I found this site yesterday. Looks pretty good. There's a bunch of turkeys on there now.

https://www.pixcontroller.com/WebCam/WebCam.htm


----------



## honers (Dec 5, 2009)

now this thing is neater than schnockee.....sure is a good thing to pass time when you have to sit at work for 12 boring hours....nice find....tks


----------



## ACarbone624 (Dec 5, 2009)

Very nice Bill! =D>


----------



## Andy (Dec 5, 2009)

I forgot about that one.. Jim posted it up back in the spring. Thanks for the reminder. :beer:


----------



## Quackrstackr (Dec 6, 2009)

That's a first.

I just looked and there's somebody monkeying with the camera. They moved it a full 90* and cleaned the lens. :lol: 

What are the odds of the timing on that one?

I suspect there won't be anything seen for a while now if there's somebody out there doing maintenance.


----------



## honers (Dec 7, 2009)

ya...i watched this thing all day yesterday from work....one of the moderators lives only a 1/4 mile from it...he had to go and change the card or something like that...bout the time a big ole brood of turkeys came in the cam went down....but also while chattin with the people there they mentioned another one that's pretty neat....
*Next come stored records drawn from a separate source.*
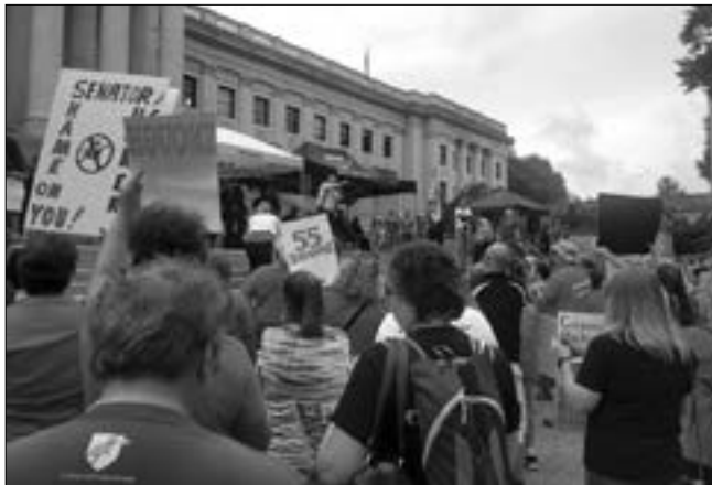
Demonstration at WV Capitol in Charleston, June 2019

Before the West Virginia strike in 2018, the historic 2012 Chicago Teachers Union (CTU) strike inspired teachers across the country. Both the CTU, and SEIU local 73 (which represents support staff, security officers, and custodians in the public schools) are once again in negotiations with the Chicago Public School District for a fair contract that includes enforceable class size limits, no non-mandatory testing, and a moratorium on charter schools. Activists report the strong possibility of coordinated strike action in Chicago this fall.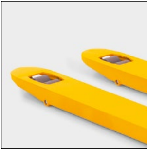
Contoured fork tips for easy pallet entry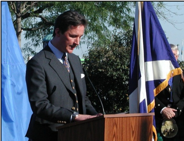
His Grace Torquil Campbell, 13th Duke of Argyll

All in all, this monument is something in which all Scottish America can be proud!

https://www.useewildlife.com/

enjoy this one....i sure did


----------



## BassAddict (Dec 7, 2009)

Cool cam!!! Here is my favorite https://www.stevesantfarm.com/p1.html


----------



## bcritch (Dec 21, 2009)

More action on this one:

https://sports.espn.go.com/outdoors/hunting/news/story?id=4525359


----------



## bcritch (Dec 21, 2009)

BassAddict said:


> Cool cam!!! Here is my favorite https://www.stevesantfarm.com/p1.html




That's like watching paint dry :LOL2:


----------



## BassAddict (Dec 21, 2009)

bcritch said:


> BassAddict said:
> 
> 
> > Cool cam!!! Here is my favorite https://www.stevesantfarm.com/p1.html
> ...



So you dont think BassAddictsAntFarm.com will be a hit?


----------



## bcritch (Dec 21, 2009)

BassAddict said:


> bcritch said:
> 
> 
> > BassAddict said:
> ...



I'd rather watch a web cam of you making baits :LOL2:


----------